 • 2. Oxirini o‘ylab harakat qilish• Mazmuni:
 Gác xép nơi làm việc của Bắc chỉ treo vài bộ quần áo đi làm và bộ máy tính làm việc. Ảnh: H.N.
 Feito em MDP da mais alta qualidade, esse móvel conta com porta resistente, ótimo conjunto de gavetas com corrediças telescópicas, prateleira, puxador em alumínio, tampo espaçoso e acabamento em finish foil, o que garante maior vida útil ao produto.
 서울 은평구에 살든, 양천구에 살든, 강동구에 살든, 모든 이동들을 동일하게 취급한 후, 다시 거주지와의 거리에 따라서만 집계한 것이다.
----------------
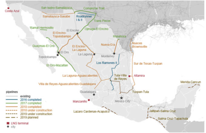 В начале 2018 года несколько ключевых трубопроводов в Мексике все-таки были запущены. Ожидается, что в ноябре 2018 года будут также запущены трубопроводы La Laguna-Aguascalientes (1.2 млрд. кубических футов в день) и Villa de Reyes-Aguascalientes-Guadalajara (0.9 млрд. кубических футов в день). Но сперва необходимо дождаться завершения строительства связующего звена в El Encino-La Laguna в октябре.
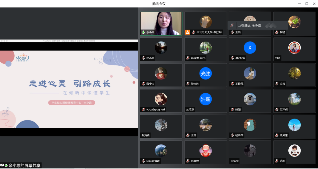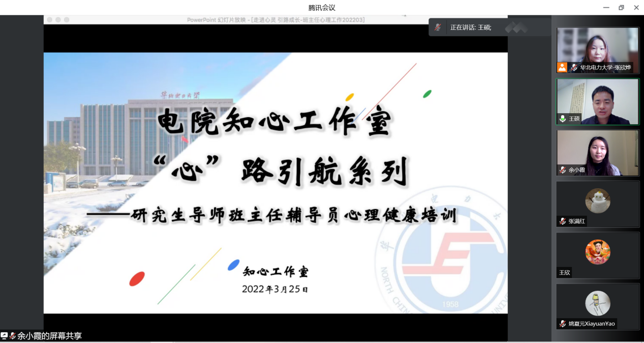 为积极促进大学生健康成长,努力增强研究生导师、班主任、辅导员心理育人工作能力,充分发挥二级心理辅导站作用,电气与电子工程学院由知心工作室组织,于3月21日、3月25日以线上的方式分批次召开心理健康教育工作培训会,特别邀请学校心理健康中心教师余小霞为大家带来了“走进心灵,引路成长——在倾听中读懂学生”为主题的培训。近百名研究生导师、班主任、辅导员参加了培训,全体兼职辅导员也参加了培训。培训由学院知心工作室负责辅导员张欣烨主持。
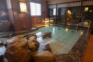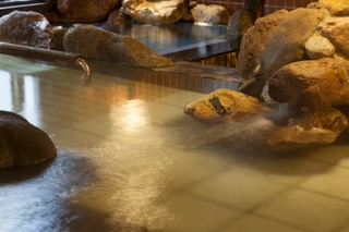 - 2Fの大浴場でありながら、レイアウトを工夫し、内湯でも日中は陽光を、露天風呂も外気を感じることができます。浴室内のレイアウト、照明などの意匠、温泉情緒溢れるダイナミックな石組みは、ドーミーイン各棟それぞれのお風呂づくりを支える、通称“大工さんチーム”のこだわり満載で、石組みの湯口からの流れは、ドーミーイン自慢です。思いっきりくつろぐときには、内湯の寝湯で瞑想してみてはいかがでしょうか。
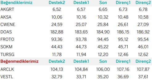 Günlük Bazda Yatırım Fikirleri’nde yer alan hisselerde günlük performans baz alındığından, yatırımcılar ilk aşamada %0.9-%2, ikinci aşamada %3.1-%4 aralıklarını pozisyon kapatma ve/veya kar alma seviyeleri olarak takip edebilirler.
----------------
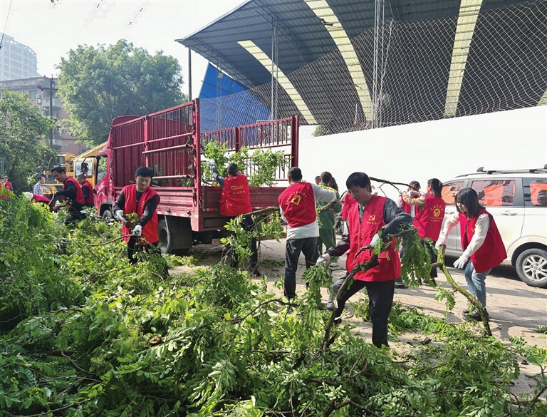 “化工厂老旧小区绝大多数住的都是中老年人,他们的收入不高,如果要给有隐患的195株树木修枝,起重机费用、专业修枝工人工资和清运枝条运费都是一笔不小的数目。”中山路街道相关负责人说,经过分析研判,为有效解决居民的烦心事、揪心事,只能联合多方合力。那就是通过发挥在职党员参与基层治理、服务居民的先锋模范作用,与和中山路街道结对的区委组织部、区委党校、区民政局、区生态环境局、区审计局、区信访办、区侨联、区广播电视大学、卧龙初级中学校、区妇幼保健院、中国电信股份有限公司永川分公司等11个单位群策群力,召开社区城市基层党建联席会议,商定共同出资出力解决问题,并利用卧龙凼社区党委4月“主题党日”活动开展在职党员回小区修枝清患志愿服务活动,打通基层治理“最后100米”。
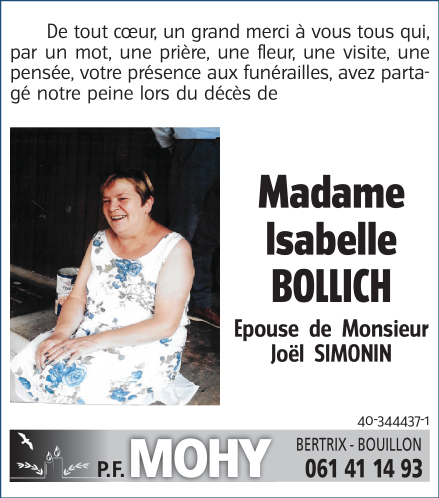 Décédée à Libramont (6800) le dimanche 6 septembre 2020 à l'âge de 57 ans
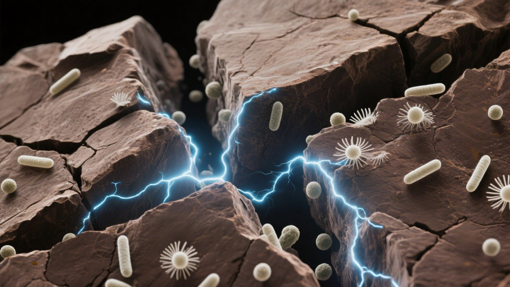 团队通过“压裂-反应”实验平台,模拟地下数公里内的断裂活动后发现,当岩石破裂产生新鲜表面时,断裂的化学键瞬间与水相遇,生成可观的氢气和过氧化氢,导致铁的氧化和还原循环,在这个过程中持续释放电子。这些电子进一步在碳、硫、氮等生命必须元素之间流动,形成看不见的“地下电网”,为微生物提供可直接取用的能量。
----------------
WHAT YOU WILL DO :: The expected output is exactly the lines of the listing above between the line holding "2. Oxirini o‘ylab" and the line holding "서울 은평구에 살든, 양천구에", inclusive.

EXERCISE RESULT ::
 • 2. Oxirini o‘ylab harakat qilish• Mazmuni:
 Gác xép nơi làm việc của Bắc chỉ treo vài bộ quần áo đi làm và bộ máy tính làm việc. Ảnh: H.N.
 Feito em MDP da mais alta qualidade, esse móvel conta com porta resistente, ótimo conjunto de gavetas com corrediças telescópicas, prateleira, puxador em alumínio, tampo espaçoso e acabamento em finish foil, o que garante maior vida útil ao produto.
 서울 은평구에 살든, 양천구에 살든, 강동구에 살든, 모든 이동들을 동일하게 취급한 후, 다시 거주지와의 거리에 따라서만 집계한 것이다.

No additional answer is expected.